Ok well looked up the datasheet and turns out I have a few more Q’s still…

It states 2A max, I’m assuming you’ve used this chip before and already know it can do 3A? You must be using the TPS563200?

What’s the reason for having the sets of 2 parallel cap’s (C11/C12 & C13/C14) instead of just one at each location? To keep them from getting saturated? Also I notice you’re using quite a bit less total capacitance on each of the pin’s. I believe I remember you saying this is the exact chip you use on your MELD driver, so I assume your way works fine, why the difference from spec?

Actually you’re right, I had 3A in my head but I’m using the lower power version. The firmware only allows ~1.4A maximum at one time with all colors set at 700mA so it won’t be an issue.

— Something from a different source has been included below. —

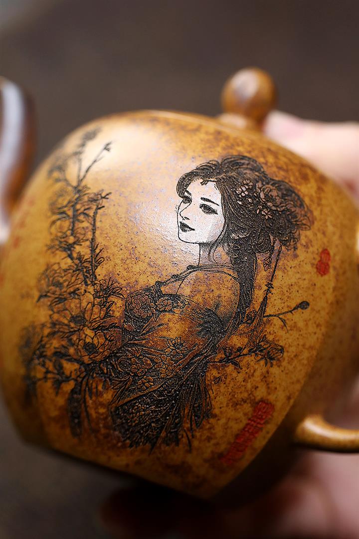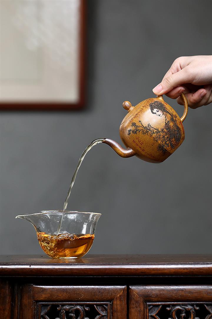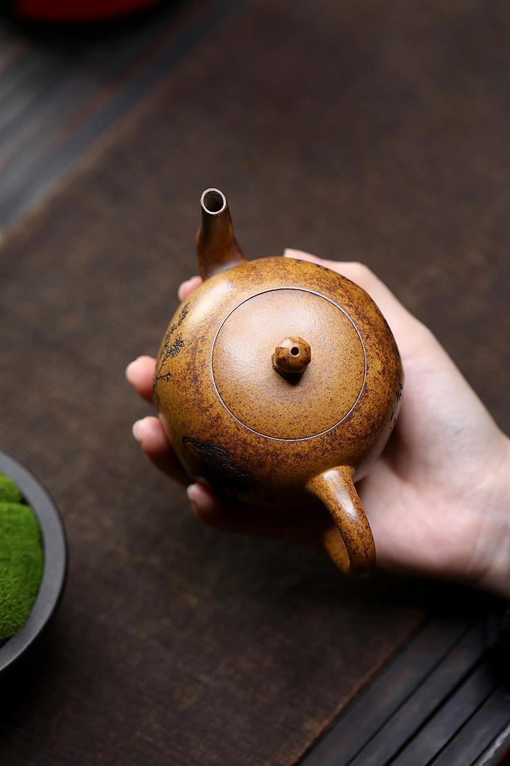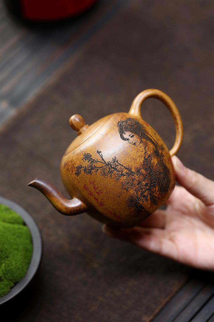 【作品介紹】此款壺形線條流暢,壺把,壺嘴,壺身壹氣呵成栩栩如生,是收藏把玩的好壺,泥料色澤古樸典雅,日久使用,漸露鋒芒,養成變化快,溫潤莊重,用其泡茶,使用的年代久,壺身就溫潤,泡出來的茶湯也就醇郁芳馨。

You’re right that the amount is low, I generally just put the 0603 package on there and then fit as much capacitance as I can. I’ll probably get more than 20uF total on the actual board. The reason to have multiple caps is to layer them for better filtering—a 10uF in parallel with a 0.1uF will filter out high frequency crap much better than a single 10.1 cap. The reasons for this get into much more science than we should include here I think…

Here’s the final version of the schematic with a few updates:

So today I’m looking at the voltage regulator for the MCU and I see it’s polarity protected which effectively protects the MCU, are any other components susceptible to batteries being inserted (regardless if any one, two or three are inserted) wrong?